Она потела совсем как на сцене и теперь схватилась за свой жилет и замахала полами, стараясь создать сквозняк, – и на меня глянула эта бледная полоска живота, что некогда так заворожила весь мир.

– У меня кола в сумке еще типа холодная?

– Не пью я эту дрянь – и тебе не стоит.

Она приподнялась на локтях, чтобы получше всю меня осмотреть.

– Сдается мне, не так уж тебе уютно.

Она вздохнула и перекатилась на живот, лицом к летней публике, толокшейся у старых конюшен за сконами и чаем или толпившейся в дверях усадьбы ради искусства и истории.

– У меня вопрос, – сказала я, зная, что обдолбана, а она – нет, но мне все-таки трудно было не упускать из виду эту вот вторую часть. – Ты со всеми своими помощниками это делаешь?

Она задумалась.

– Нет, не именно это. Люди разные. Я всегда что-нибудь делаю. Не могу же я держать перед собой круглосуточно человека, который со мной робеет. Времени нет. А роскоши знакомиться с тобой как-то медленно, бережно или вести себя по-английски учтиво у меня нет – говорить «пожалуйста» и «спасибо» всякий раз, когда я хочу, чтоб ты что-нибудь сделала: если ты на меня работаешь, тебе надо просто прыгать по команде. Я так уже какое-то время поступаю и сообразила, что несколько напряженных часов в начале экономят много времени потом, без недопониманий и всякой срани. Ты еще легко отделалась, поверь мне. С Мелани я в ванну залезла.
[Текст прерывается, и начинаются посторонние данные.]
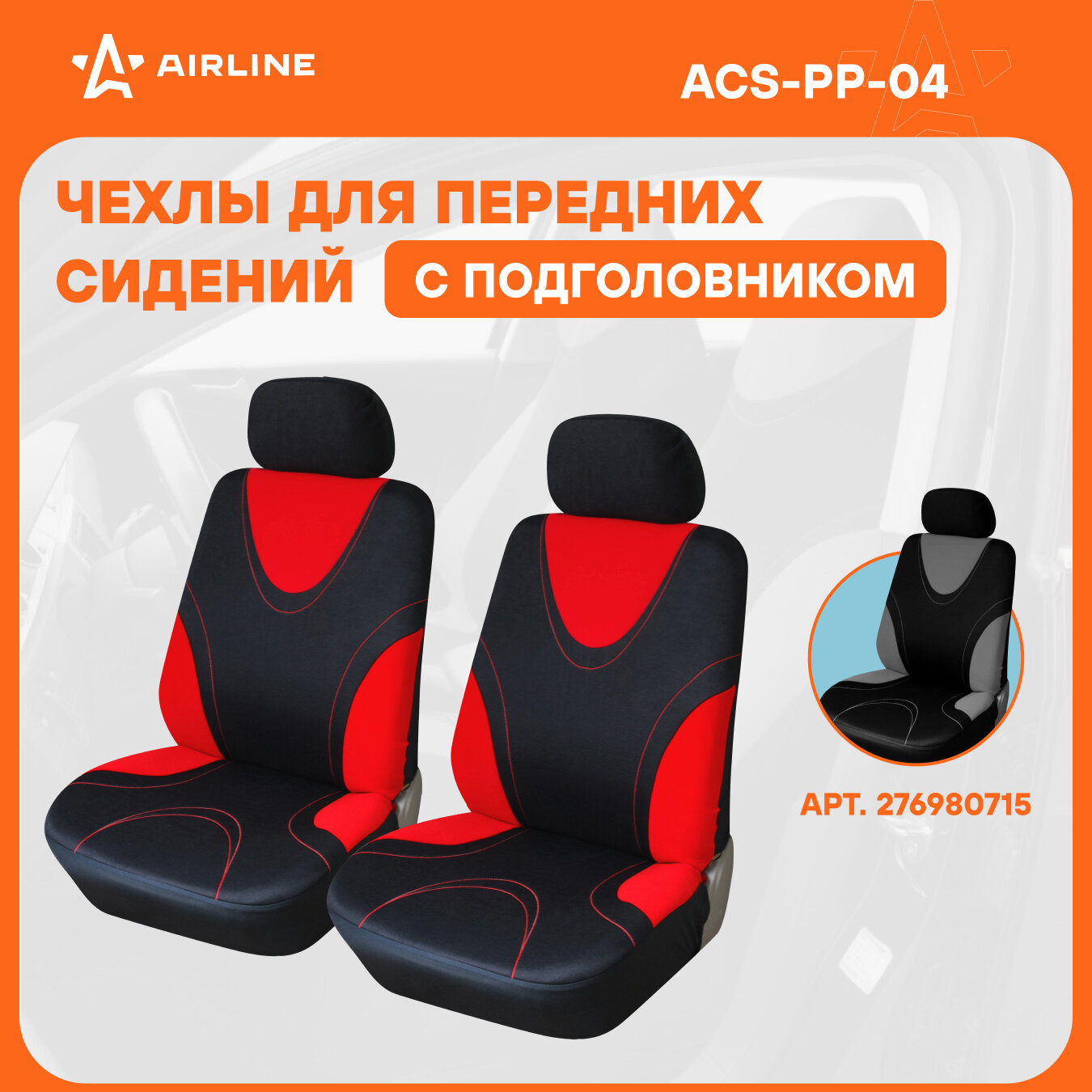 Чехлы Для Сидений Универсал. Rs-1 , Передн., 2 Шт. (4 Предм.), Полиэстер, Черн./Красн.(Acs-Pp-04) AIRLINE арт. ACS-PP-04

Я попыталась как-то дурацки затянуто пошутить, надеясь снова услышать ее смех, но она мне прищурилась.

– И вот еще что: тебе следует понимать, что дело не в том, что я не понимаю этой вашей британской иронии, мне она просто не нравится. Я ее считаю подростковой. В девяноста процентах случаев, когда я встречаюсь с британцами, мое ощущение: повзрослейте уже наконец! – Мыслями она вновь обратилась к Мелани в ванне. – Хотелось узнать, не слишком ли длинные у нее соски. До паранойи.

– И как?

– Что как?

– Соски. Длинные.

– Они, блядь, у нее как пальцы.

Я фыркнула колой на траву.

– Смешно.

– У меня длинная родословная шутников. Бог знает, почему британцы считают, что им одним во всем мире позволено шутить.

– Не такая уж я и британка.

– Ой, детка, такая британка, что пробы ставить не на чем.

Она сунула руку в карман за телефоном и принялась просматривать текстовые сообщения. Еще задолго до того, как это стало общим состоянием, Эйми жила в своем телефоне. В этом, как и во многом другом, она была первопроходцем.

– Грейнджер, Грейнджер, Грейнджер, Грейнджер. Не знает, что с собой делать, если ему нечего с собой делать. Он как я. У нас одинаковая мания. Он мне напоминает, до чего я могу утомлять. Других. – Большой палец ее завис над новеньким «блэкберри». – С тобой я надеюсь на – самообладание, спокойствие, собранность. Такое тут не помешает. Иисусе-Христе, он мне уже пятнадцать сообщений прислал. Ему же нужно только велосипеды подержать. Говорит, он возле… что это за чертовня еще, «мужской пруд»?

Я ей объяснила, в подробностях. Она скроила скептическую гримасу.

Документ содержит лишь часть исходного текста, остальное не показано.